*WHAT TO PRODUCE*: The task for the listing below is to write out exactly the lines starting at the one containing "II' Legacy Test" and ending at the one containing "1girlblonde hairbookbreast curtainsbreastscleavageeye", both included. Pictures are to be omitted.

*RECORDS*:
○ ○ ○
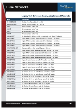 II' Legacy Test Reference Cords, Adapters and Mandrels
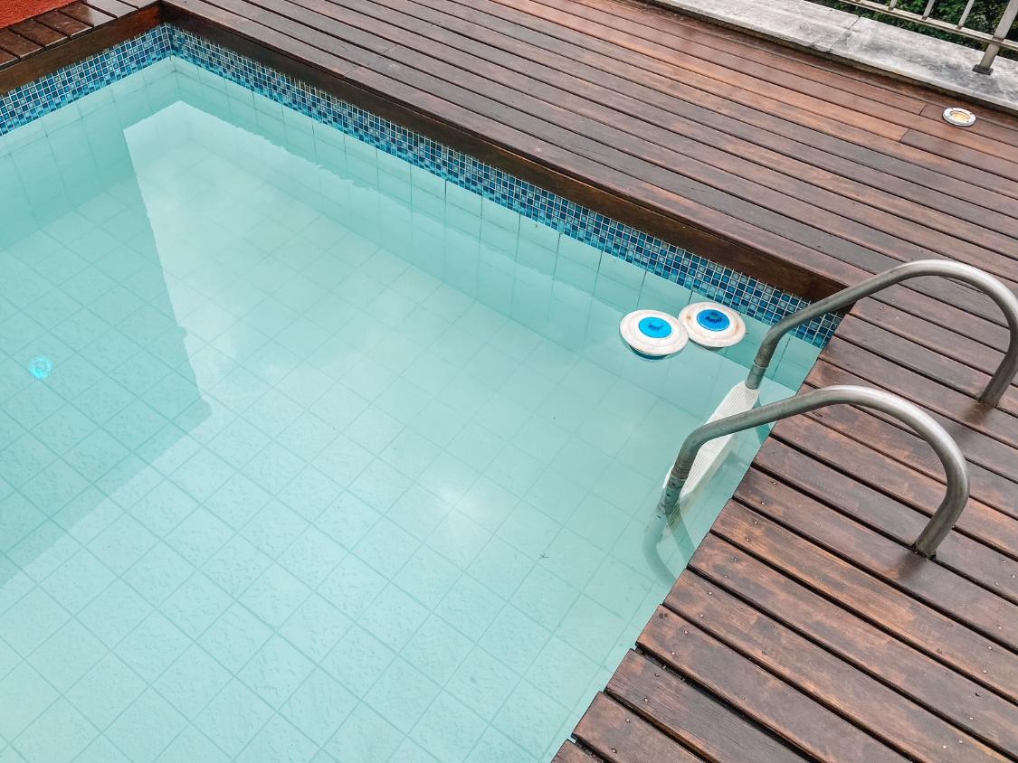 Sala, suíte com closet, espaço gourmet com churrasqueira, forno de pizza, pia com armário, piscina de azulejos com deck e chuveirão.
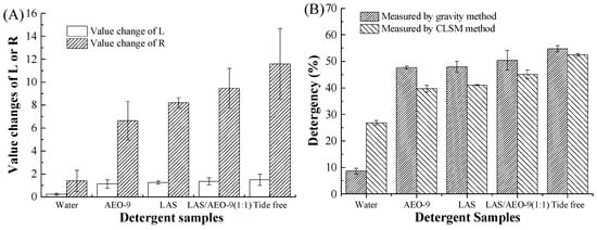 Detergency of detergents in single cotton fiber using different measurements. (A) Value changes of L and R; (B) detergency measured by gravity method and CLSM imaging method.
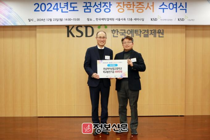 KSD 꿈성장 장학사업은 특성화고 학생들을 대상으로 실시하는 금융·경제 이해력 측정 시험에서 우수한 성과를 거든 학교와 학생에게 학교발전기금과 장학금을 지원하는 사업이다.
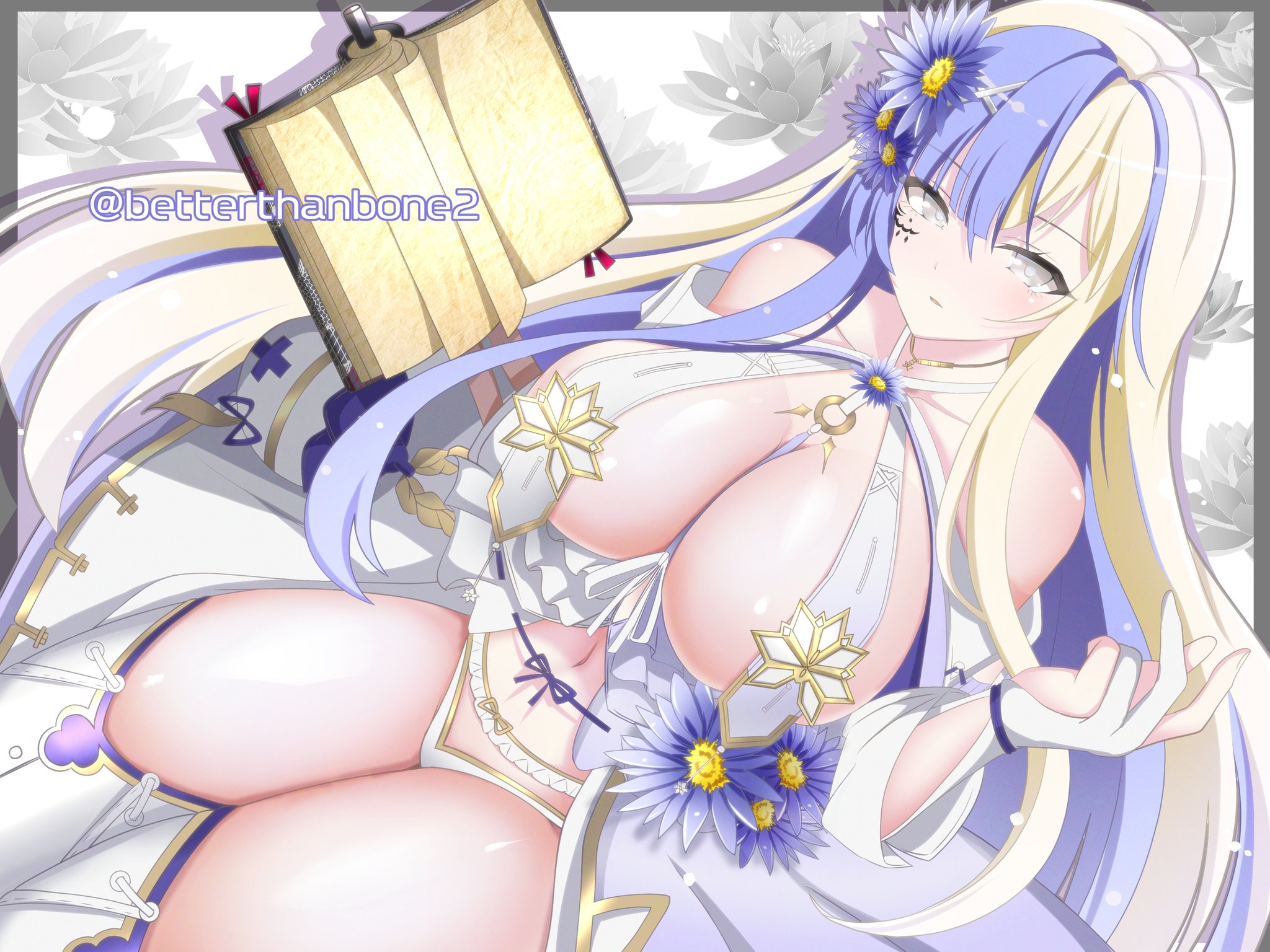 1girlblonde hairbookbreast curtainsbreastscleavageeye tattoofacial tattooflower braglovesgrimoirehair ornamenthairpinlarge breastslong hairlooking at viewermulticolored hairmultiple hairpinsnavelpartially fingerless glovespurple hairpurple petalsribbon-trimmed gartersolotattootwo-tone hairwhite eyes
○ ○ ○
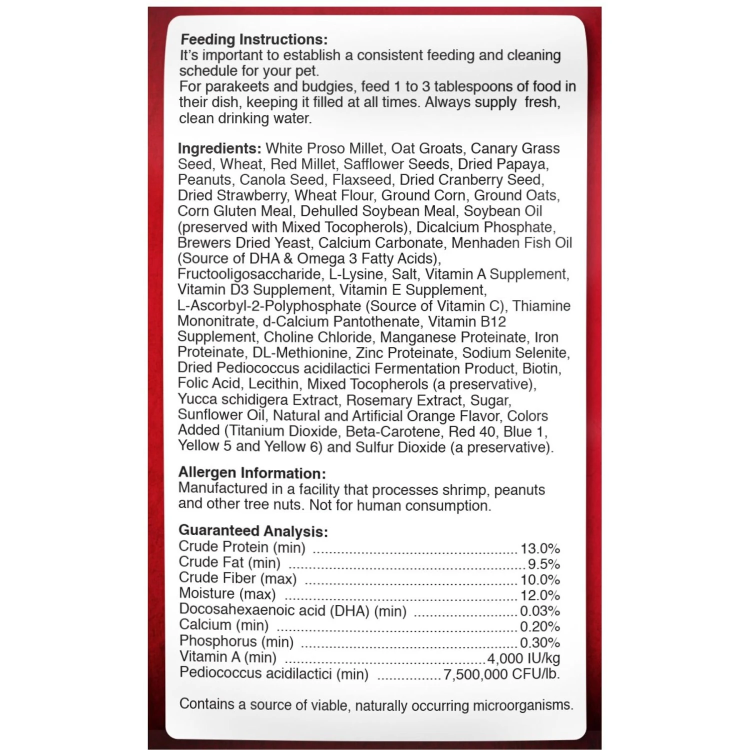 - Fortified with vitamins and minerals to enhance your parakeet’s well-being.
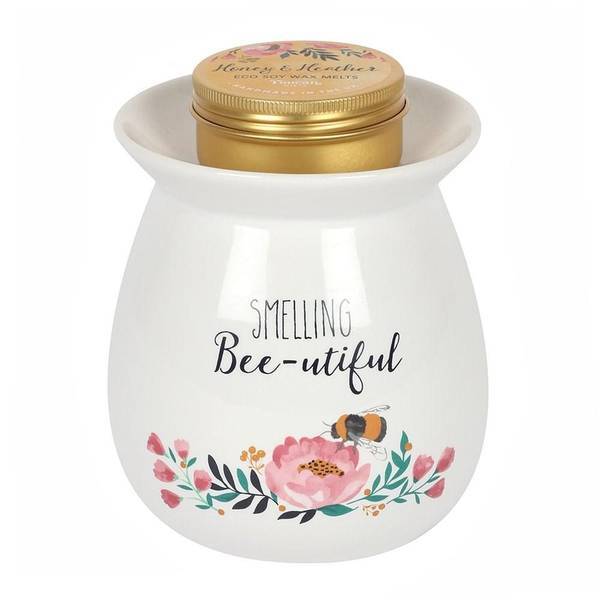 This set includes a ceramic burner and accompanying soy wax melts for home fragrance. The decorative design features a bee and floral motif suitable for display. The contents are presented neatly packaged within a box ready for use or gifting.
○ ○ ○
*RESPONSE TO THIS EXERCISE*:
 II' Legacy Test Reference Cords, Adapters and Mandrels
 Sala, suíte com closet, espaço gourmet com churrasqueira, forno de pizza, pia com armário, piscina de azulejos com deck e chuveirão.
 Detergency of detergents in single cotton fiber using different measurements. (A) Value changes of L and R; (B) detergency measured by gravity method and CLSM imaging method.
 KSD 꿈성장 장학사업은 특성화고 학생들을 대상으로 실시하는 금융·경제 이해력 측정 시험에서 우수한 성과를 거든 학교와 학생에게 학교발전기금과 장학금을 지원하는 사업이다.
 1girlblonde hairbookbreast curtainsbreastscleavageeye tattoofacial tattooflower braglovesgrimoirehair ornamenthairpinlarge breastslong hairlooking at viewermulticolored hairmultiple hairpinsnavelpartially fingerless glovespurple hairpurple petalsribbon-trimmed gartersolotattootwo-tone hairwhite eyes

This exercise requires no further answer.